_EXTRACTED DATA_

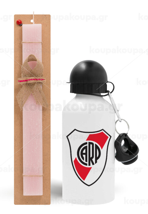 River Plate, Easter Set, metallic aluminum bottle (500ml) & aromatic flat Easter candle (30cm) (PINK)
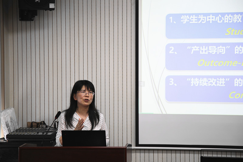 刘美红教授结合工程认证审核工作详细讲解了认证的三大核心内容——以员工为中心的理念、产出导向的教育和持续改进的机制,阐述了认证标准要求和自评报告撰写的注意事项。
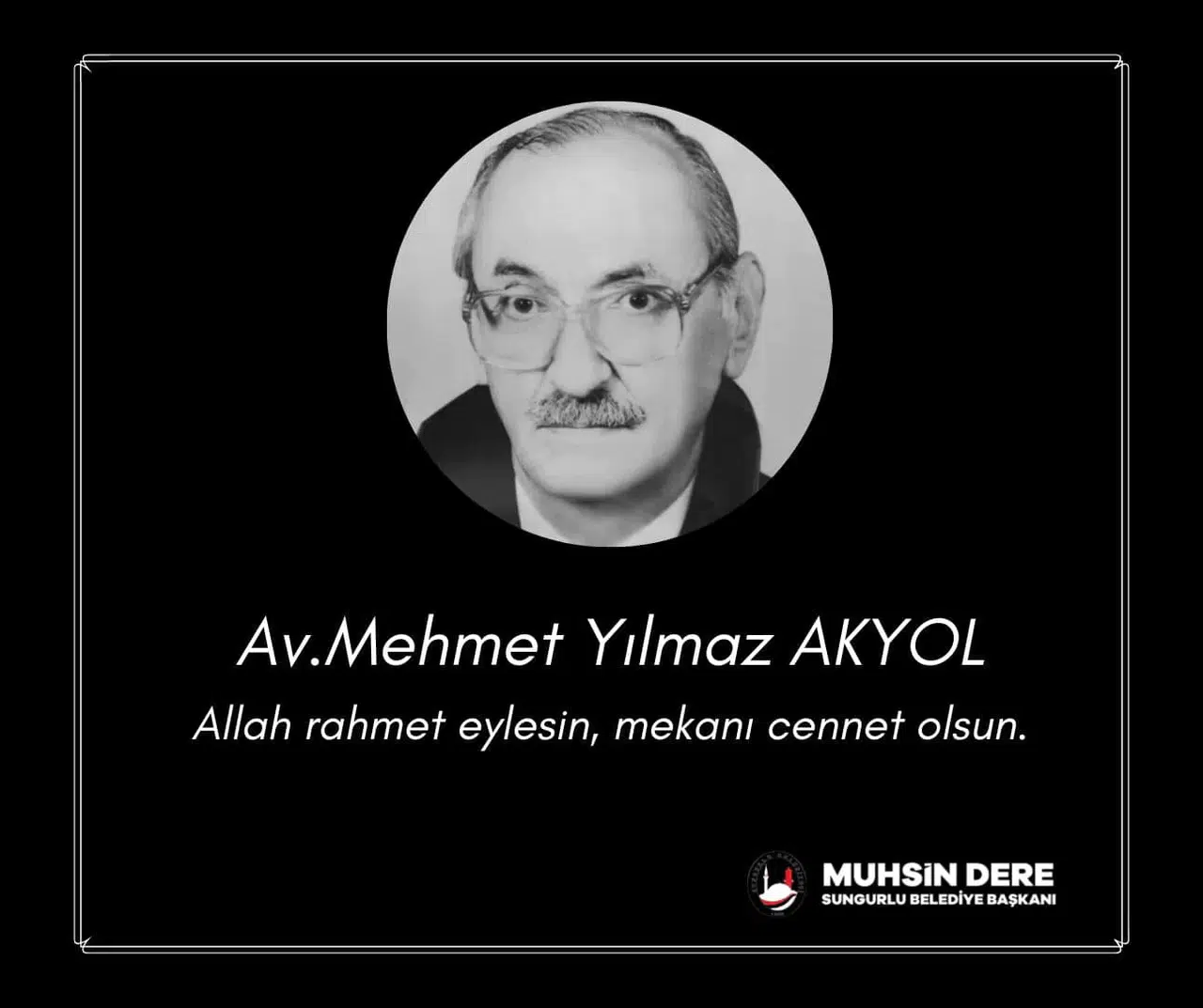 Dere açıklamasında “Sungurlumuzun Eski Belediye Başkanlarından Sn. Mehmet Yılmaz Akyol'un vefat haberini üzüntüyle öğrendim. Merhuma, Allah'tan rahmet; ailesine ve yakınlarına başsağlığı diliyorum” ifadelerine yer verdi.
--
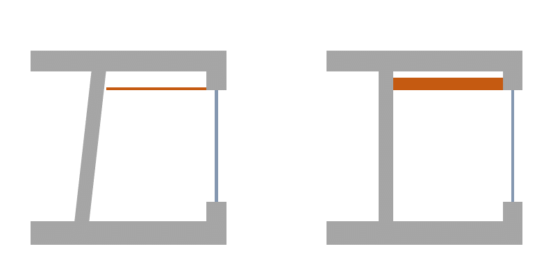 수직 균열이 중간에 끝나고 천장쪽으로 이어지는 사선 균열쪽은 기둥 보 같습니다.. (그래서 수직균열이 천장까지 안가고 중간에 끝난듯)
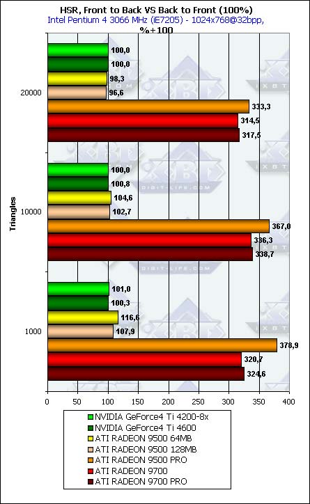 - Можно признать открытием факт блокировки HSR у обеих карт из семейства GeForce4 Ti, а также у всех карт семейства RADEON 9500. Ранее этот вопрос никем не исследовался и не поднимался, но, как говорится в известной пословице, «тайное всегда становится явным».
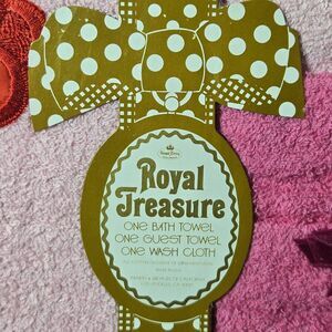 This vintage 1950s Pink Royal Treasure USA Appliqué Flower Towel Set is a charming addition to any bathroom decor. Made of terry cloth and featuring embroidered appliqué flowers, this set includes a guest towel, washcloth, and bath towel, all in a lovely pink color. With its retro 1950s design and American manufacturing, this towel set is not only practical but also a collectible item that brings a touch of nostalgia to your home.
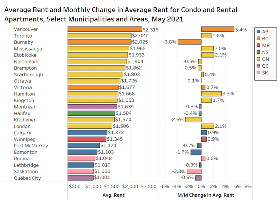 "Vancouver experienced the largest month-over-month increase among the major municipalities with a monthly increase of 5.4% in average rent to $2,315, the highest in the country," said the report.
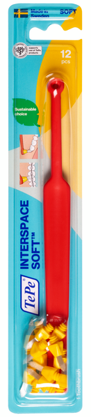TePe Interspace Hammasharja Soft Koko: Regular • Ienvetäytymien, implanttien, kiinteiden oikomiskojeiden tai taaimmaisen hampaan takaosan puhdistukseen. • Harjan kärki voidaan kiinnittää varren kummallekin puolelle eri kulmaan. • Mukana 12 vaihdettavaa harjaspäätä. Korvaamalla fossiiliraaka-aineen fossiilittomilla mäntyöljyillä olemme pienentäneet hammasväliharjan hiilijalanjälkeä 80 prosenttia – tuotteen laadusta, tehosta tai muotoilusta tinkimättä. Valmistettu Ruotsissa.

_WHAT TO PRODUCE_
Leave out the images and write out the lines above exactly, from the one with "said the report." up to and including the one with "TePe Interspace Hammasharja".

_RESULT OF THIS EXERCISE_
 "Vancouver experienced the largest month-over-month increase among the major municipalities with a monthly increase of 5.4% in average rent to $2,315, the highest in the country," said the report.
TePe Interspace Hammasharja Soft Koko: Regular • Ienvetäytymien, implanttien, kiinteiden oikomiskojeiden tai taaimmaisen hampaan takaosan puhdistukseen. • Harjan kärki voidaan kiinnittää varren kummallekin puolelle eri kulmaan. • Mukana 12 vaihdettavaa harjaspäätä. Korvaamalla fossiiliraaka-aineen fossiilittomilla mäntyöljyillä olemme pienentäneet hammasväliharjan hiilijalanjälkeä 80 prosenttia – tuotteen laadusta, tehosta tai muotoilusta tinkimättä. Valmistettu Ruotsissa.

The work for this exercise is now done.